EXERCISE AIM:
Lines from the one containing "Welcome to 40902" through the end of the listing are what is wanted, given again exactly with both ends included and pictures left out.

DATASET EXCERPT:
===

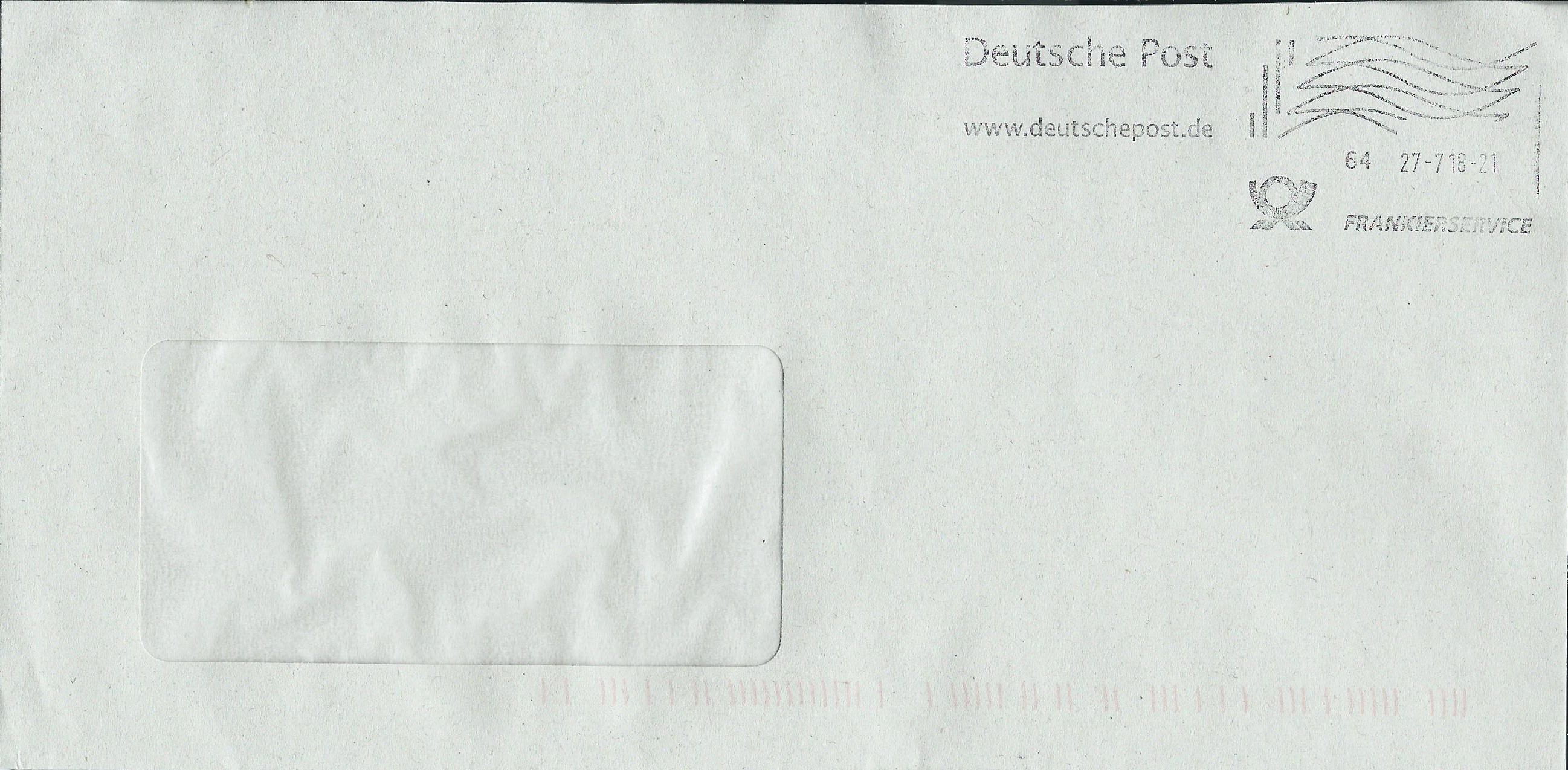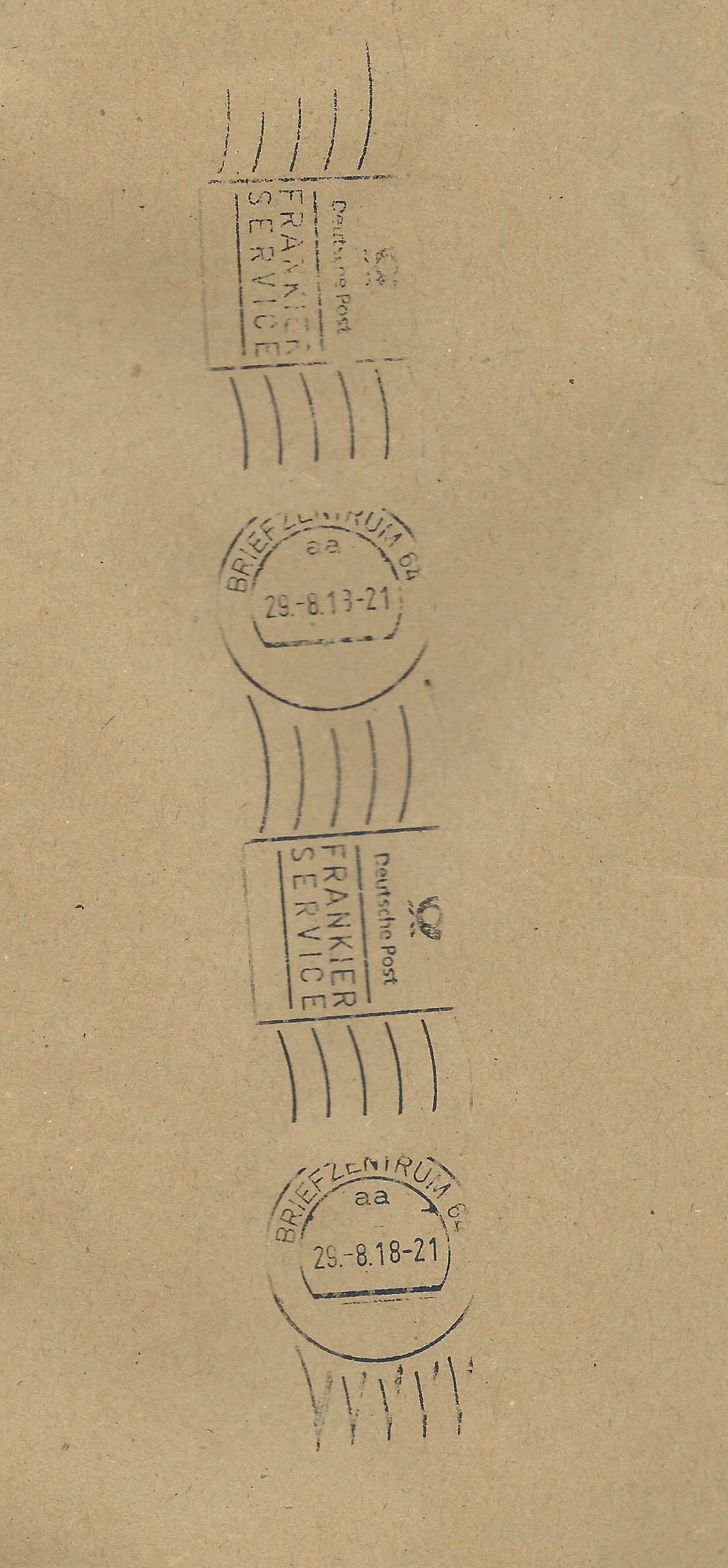 mein heutiger Neuzugang eines Frankier-Service-Stempels: Ein Handrollstempel aus dem Briefzentrum 64 vom 29.8.18. Auffällig ist hier, dass jeweils der obere Kopfteil des Rundstempels nicht ganz aufgedruckt ist, so als wenn der Stempel nicht richtig eingepasst wurde.
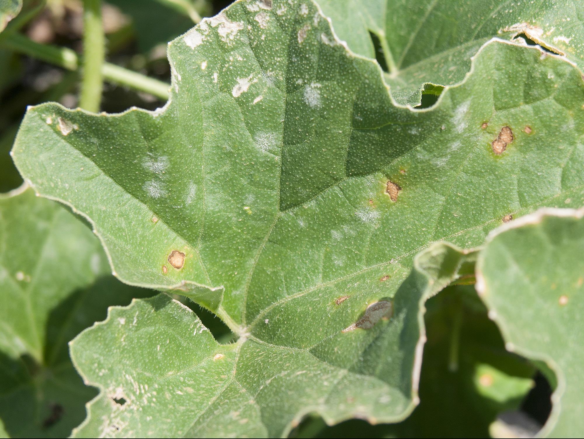 À la face supérieure d'une feuille de melons brodés (cantaloup), présence d'un mycélium blanc, dense et poudreux qui apparaît sous la forme de taches plutôt rondes et blanchâtres. Les observations microscopiques ont révélé la présence de conidiophores portant de longues chaînes de conidies caractéristiques d’un champignon causant la maladie du blanc (oïdium). Il s’agit probablement de Sphaerotheca fuliginea.
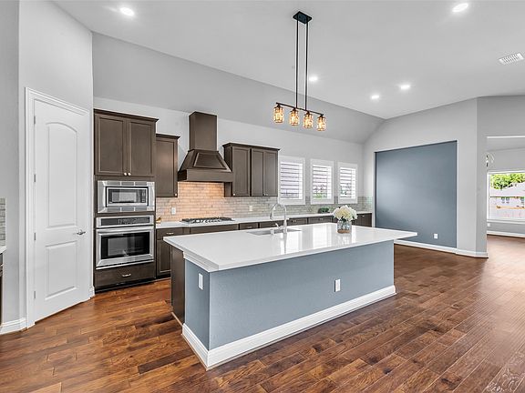 Welcome to 40902 Welbey Court! This desirable one-story floor plan offers plenty of updates including a beautiful covered back porch, whole home water softener, plantation shutters, gutters, and extended driveway for more parking. The well-appointed kitchen offers stainless steel appliances, a separate breakfast eating area, and a large quartz countertop island that opens to the living room w/ views of the backyard. A room off the kitchen can be used as a formal dining area or flex room (study or game room). The primary bedroom was extended 3 ft creating a lovely sitting area. The gorgeous ensuite bathroom includes a separate soaking tub, large shower w/ two rain shower heads and dual vanities.
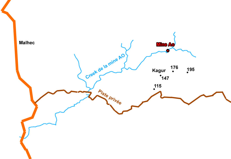 Pour commencer, voici l'accès à la mine... Attention, à pied c'est très long. Le plus rapide est de remonter la piste en 4X4 jusqu'au pied de la crête de Kagur, mais c'est une pise privée avec 2 propriétaires dont Monsieur Kogulé qui nous avait amené jusque là en 4x4. L'autorisation est indispensable.

===

TASK RESPONSE:
 Welcome to 40902 Welbey Court! This desirable one-story floor plan offers plenty of updates including a beautiful covered back porch, whole home water softener, plantation shutters, gutters, and extended driveway for more parking. The well-appointed kitchen offers stainless steel appliances, a separate breakfast eating area, and a large quartz countertop island that opens to the living room w/ views of the backyard. A room off the kitchen can be used as a formal dining area or flex room (study or game room). The primary bedroom was extended 3 ft creating a lovely sitting area. The gorgeous ensuite bathroom includes a separate soaking tub, large shower w/ two rain shower heads and dual vanities.
 Pour commencer, voici l'accès à la mine... Attention, à pied c'est très long. Le plus rapide est de remonter la piste en 4X4 jusqu'au pied de la crête de Kagur, mais c'est une pise privée avec 2 propriétaires dont Monsieur Kogulé qui nous avait amené jusque là en 4x4. L'autorisation est indispensable.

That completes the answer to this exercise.